======== Extracted information

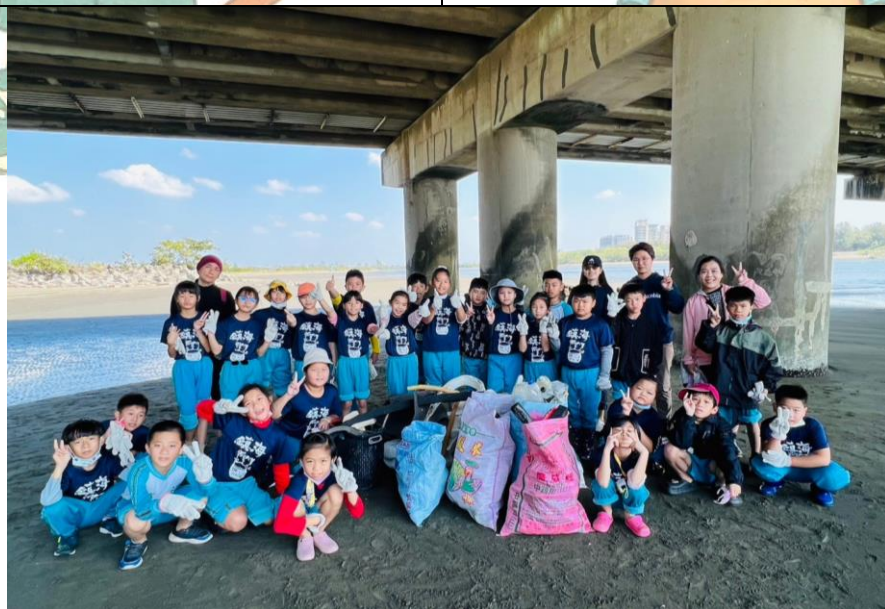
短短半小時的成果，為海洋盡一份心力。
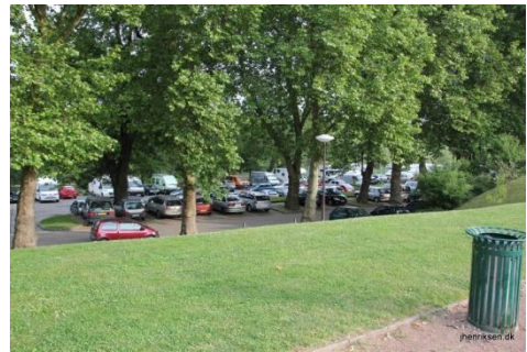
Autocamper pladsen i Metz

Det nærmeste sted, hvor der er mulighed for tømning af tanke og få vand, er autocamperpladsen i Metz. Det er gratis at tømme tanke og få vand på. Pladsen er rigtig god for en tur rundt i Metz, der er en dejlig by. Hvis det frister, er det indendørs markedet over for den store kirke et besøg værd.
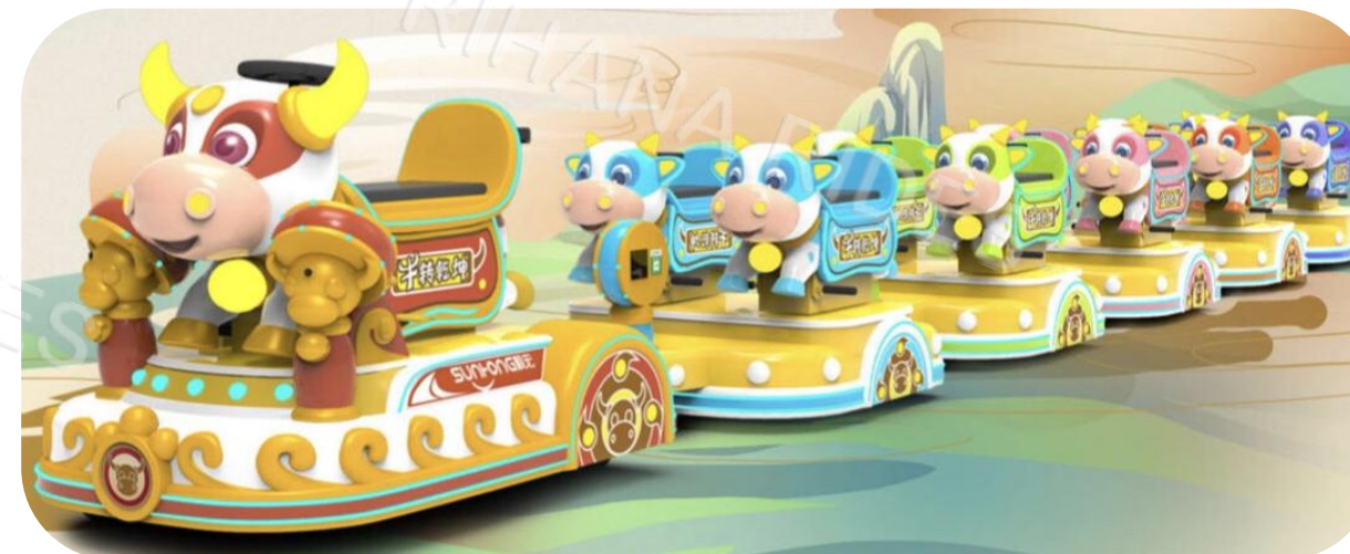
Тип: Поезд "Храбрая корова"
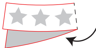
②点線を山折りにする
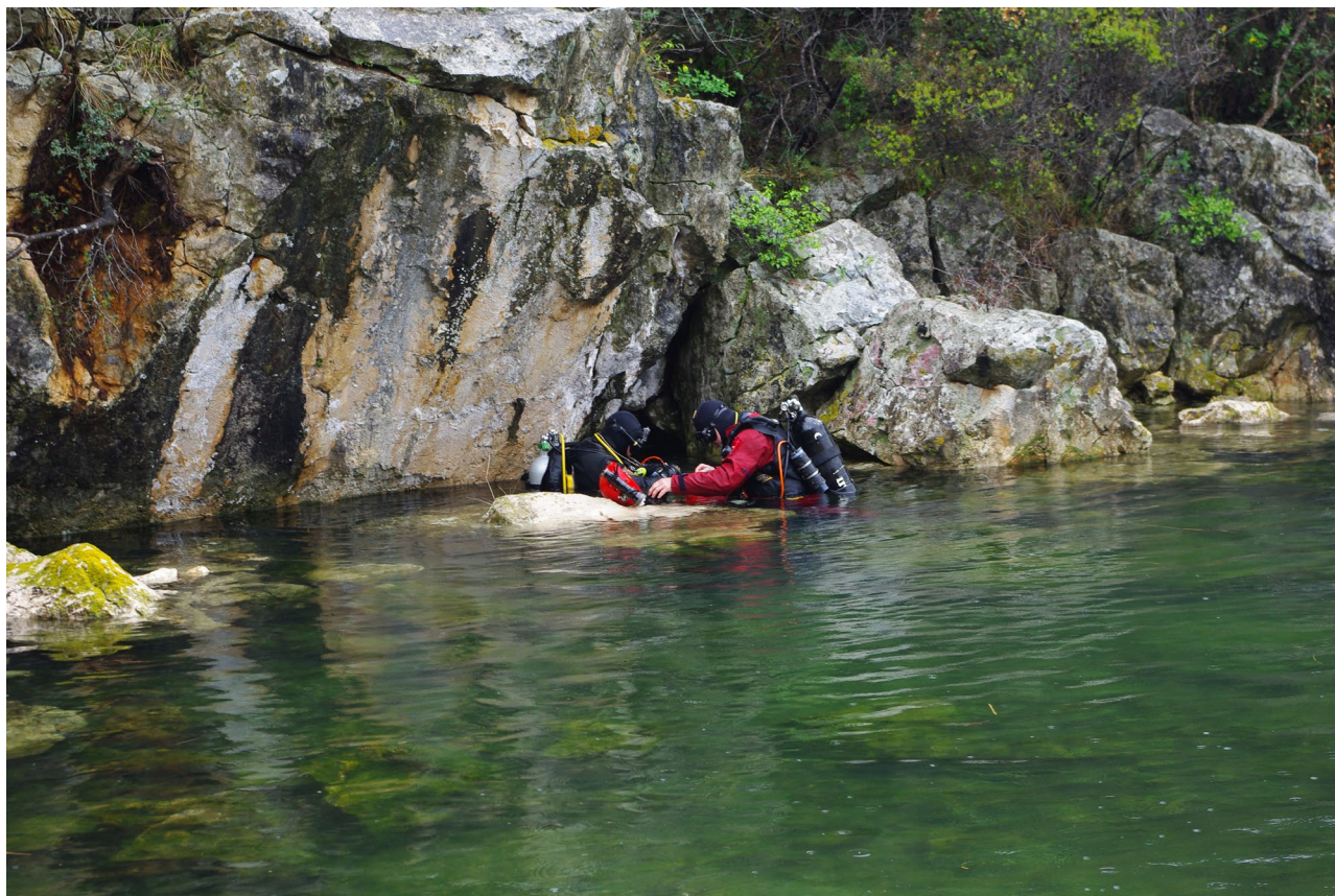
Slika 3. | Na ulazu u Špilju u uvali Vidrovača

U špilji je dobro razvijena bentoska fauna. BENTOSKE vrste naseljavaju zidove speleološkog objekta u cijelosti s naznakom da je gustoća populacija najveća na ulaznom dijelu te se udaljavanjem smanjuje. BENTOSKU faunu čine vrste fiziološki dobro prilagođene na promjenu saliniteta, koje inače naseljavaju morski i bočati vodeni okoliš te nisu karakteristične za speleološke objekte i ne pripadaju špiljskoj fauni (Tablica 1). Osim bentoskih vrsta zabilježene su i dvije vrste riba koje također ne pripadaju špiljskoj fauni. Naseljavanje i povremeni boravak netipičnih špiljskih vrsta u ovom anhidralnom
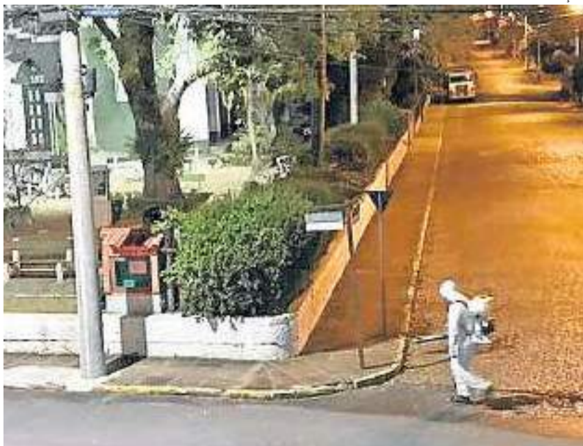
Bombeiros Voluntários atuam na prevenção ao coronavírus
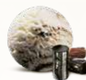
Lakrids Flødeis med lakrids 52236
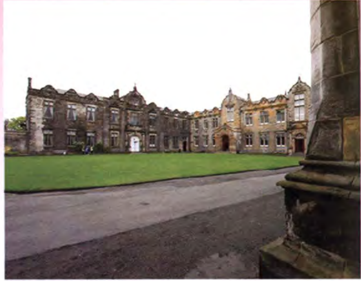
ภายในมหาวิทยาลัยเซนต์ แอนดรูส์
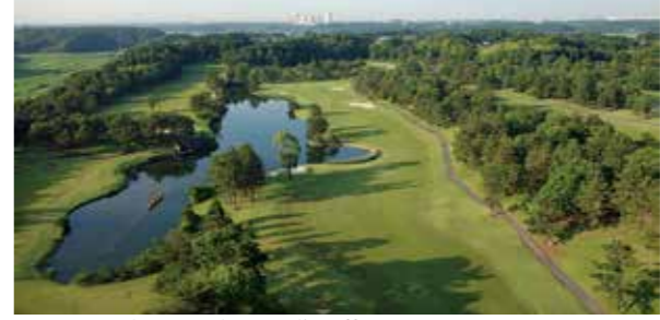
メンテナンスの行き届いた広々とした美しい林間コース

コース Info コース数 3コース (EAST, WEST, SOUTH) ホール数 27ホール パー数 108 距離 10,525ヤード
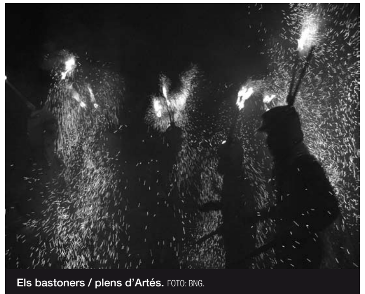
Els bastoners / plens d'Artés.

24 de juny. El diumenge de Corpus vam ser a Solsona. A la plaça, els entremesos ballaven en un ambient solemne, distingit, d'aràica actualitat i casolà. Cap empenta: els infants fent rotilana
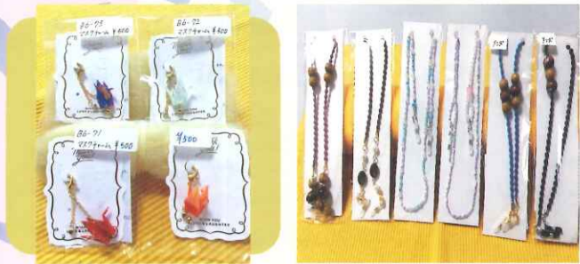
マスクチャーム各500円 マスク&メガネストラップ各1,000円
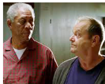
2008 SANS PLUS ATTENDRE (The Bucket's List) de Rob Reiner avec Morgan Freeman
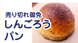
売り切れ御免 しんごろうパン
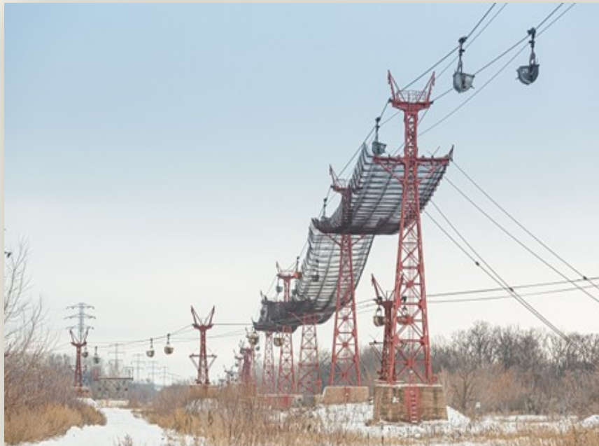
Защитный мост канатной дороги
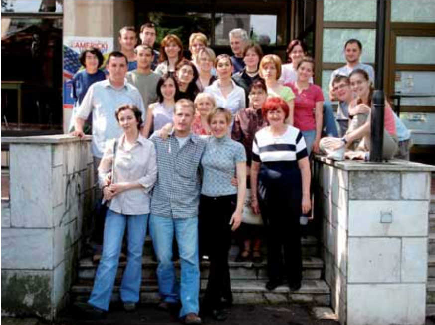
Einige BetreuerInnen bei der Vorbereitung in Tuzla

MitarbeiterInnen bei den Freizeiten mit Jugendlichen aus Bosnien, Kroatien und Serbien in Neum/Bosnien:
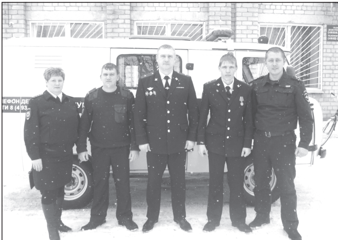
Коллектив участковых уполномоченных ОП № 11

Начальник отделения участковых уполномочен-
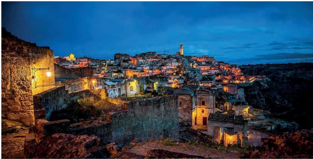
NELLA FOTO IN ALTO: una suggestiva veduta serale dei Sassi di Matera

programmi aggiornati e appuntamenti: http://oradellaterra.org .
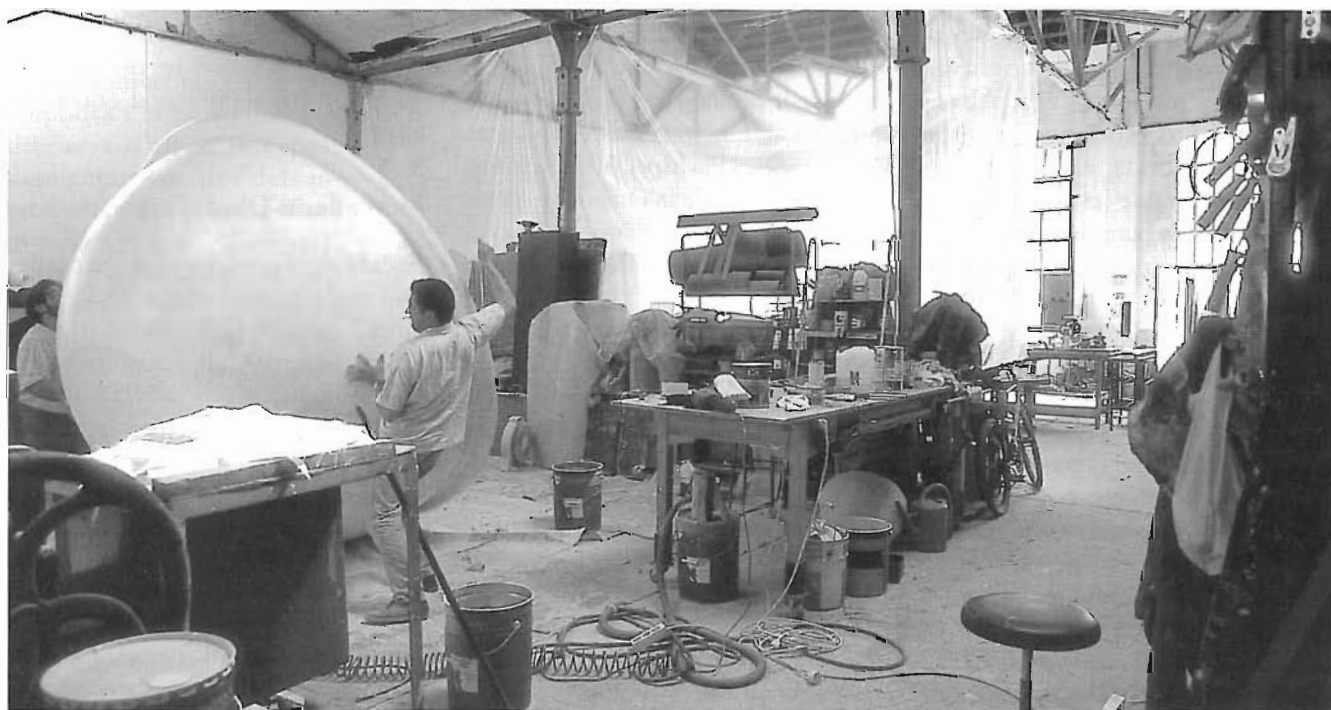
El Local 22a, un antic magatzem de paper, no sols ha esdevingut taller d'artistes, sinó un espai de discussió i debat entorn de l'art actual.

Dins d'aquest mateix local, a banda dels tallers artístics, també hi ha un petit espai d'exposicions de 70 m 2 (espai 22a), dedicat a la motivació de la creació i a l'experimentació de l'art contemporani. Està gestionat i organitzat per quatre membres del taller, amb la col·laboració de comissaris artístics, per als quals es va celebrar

================

> **Exercise goal**:
Every line from the one containing "Einige BetreuerInnen bei" through the end of the entries above is to be copied exactly; pictures are to be left out.

> **Completed exercise**:
Einige BetreuerInnen bei der Vorbereitung in Tuzla

MitarbeiterInnen bei den Freizeiten mit Jugendlichen aus Bosnien, Kroatien und Serbien in Neum/Bosnien:
Коллектив участковых уполномоченных ОП № 11

Начальник отделения участковых уполномочен-
NELLA FOTO IN ALTO: una suggestiva veduta serale dei Sassi di Matera

programmi aggiornati e appuntamenti: http://oradellaterra.org .
El Local 22a, un antic magatzem de paper, no sols ha esdevingut taller d'artistes, sinó un espai de discussió i debat entorn de l'art actual.

Dins d'aquest mateix local, a banda dels tallers artístics, també hi ha un petit espai d'exposicions de 70 m 2 (espai 22a), dedicat a la motivació de la creació i a l'experimentació de l'art contemporani. Està gestionat i organitzat per quatre membres del taller, amb la col·laboració de comissaris artístics, per als quals es va celebrar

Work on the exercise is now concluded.